Before testing gganimate I will create some plots via ggplot. For this analysis I will concentrate on the relationship between GDP per capita and life expectancy at birth. To increase readability, I log10ed the x-axis and used color to differentiate between observations coming from different continents. It shows a somewhat positive relationship between these two variables.

ggplot(gapminder) +
  geom_point(aes(gdpPercap, lifeExp, color = continent)) + 
  scale_x_log10()

What are possible ways to look at the development of these variables over time (e.g., years)? Here are some means:

  1. Scatter plot: use of facet_grid(~year)
  2. Area: Show averages and use facet_grid(~year)

Scatterplot: use of facet_grid(~year)

It overall shows a positive development of life expectancy and GDP per capita over the years, with Europe leading and Africa tailing.

ggplot(gapminder) +
  geom_point(aes(gdpPercap, lifeExp, color = continent)) + 
  scale_x_log10() + 
  facet_grid(~year)

Area: Show averages and use facet_grid(~year)

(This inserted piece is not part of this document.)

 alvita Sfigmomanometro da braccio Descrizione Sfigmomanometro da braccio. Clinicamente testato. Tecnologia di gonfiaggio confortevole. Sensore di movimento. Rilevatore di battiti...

This plot also shows a positive development of life expectancy and GDP per capita over the years, without showing differentiation for continents.

gapminder %>%
  group_by(continent, year) %>% 
  summarise(meanLifeExp = round(mean(lifeExp), 0),
            meanGdpPercap = round(mean(gdpPercap), 0)) %>%
  ggplot() +
  geom_area(aes(meanGdpPercap, meanLifeExp), stat = "identity") +
  scale_x_log10() +
  facet_grid(~year)

Animated plots

The package gganimate gives me another possibility: to have initial plot for every year provided and to display them in a series. In this case the variable year needs to be set as the frame.

Animated scatterplot

The animated scatter plot shows me the initial plot (i.e., two variables on the axes and the one variable as color fill). In addition, each frame shows a specific year. Frames change every second. Hence, it is possible to view developments over time.

> gg_animate(ggplot(gapminder) +
+             geom_point(aes(gdpPercap, lifeExp, color = continent, frame = year)) + 
+             scale_x_log10())

A facet_grid(~continent) further allows now a differentiation on the individual continent developments.

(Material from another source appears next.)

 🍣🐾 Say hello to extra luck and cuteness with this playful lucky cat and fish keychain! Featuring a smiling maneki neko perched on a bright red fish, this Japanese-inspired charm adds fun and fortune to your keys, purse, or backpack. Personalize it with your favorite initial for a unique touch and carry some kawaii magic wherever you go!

> gg_animate(ggplot(gapminder) +
+             geom_point(aes(gdpPercap, lifeExp, color = continent, frame = year)) + 
+             scale_x_log10() +
+              facet_grid(~continent)) 

Line chart

> gg_animate(gapminder %>%
+   group_by(continent, year) %>% 
+   summarise(meanLifeExp = round(mean(lifeExp), 0),
+             meanGdpPercap = round(mean(gdpPercap), 0)) %>%
+   ggplot() +
+   geom_line(aes(meanGdpPercap, meanLifeExp, frame = year), stat = "identity") +
+   scale_x_log10()) 

Conclusion

gganimate is an interesting package with some advantages. I will try to use it more often from now on. One open question would be whether it is possible to change width and height of the animated plots.

1. Data analysis, i.e., does it help to generate insights more efficiently?

In terms of data analysis it brings only few benefits. Other plots and means of exploration are available to understand the data, such as histograms, table view, or facet grids.

2. Data visualiazation, i.e., does it help to better communicate findings?

In terms of data visualization I believe gganimate is helpful. The frame provides another dimension to a plot without the need to use color, sizes, or other means that might clutter the plot. Another advantage is that I can tell a story and its development over time (or other variable). Lastly, I think adding animation to visualization is much more compelling and people might engange much more with the plot.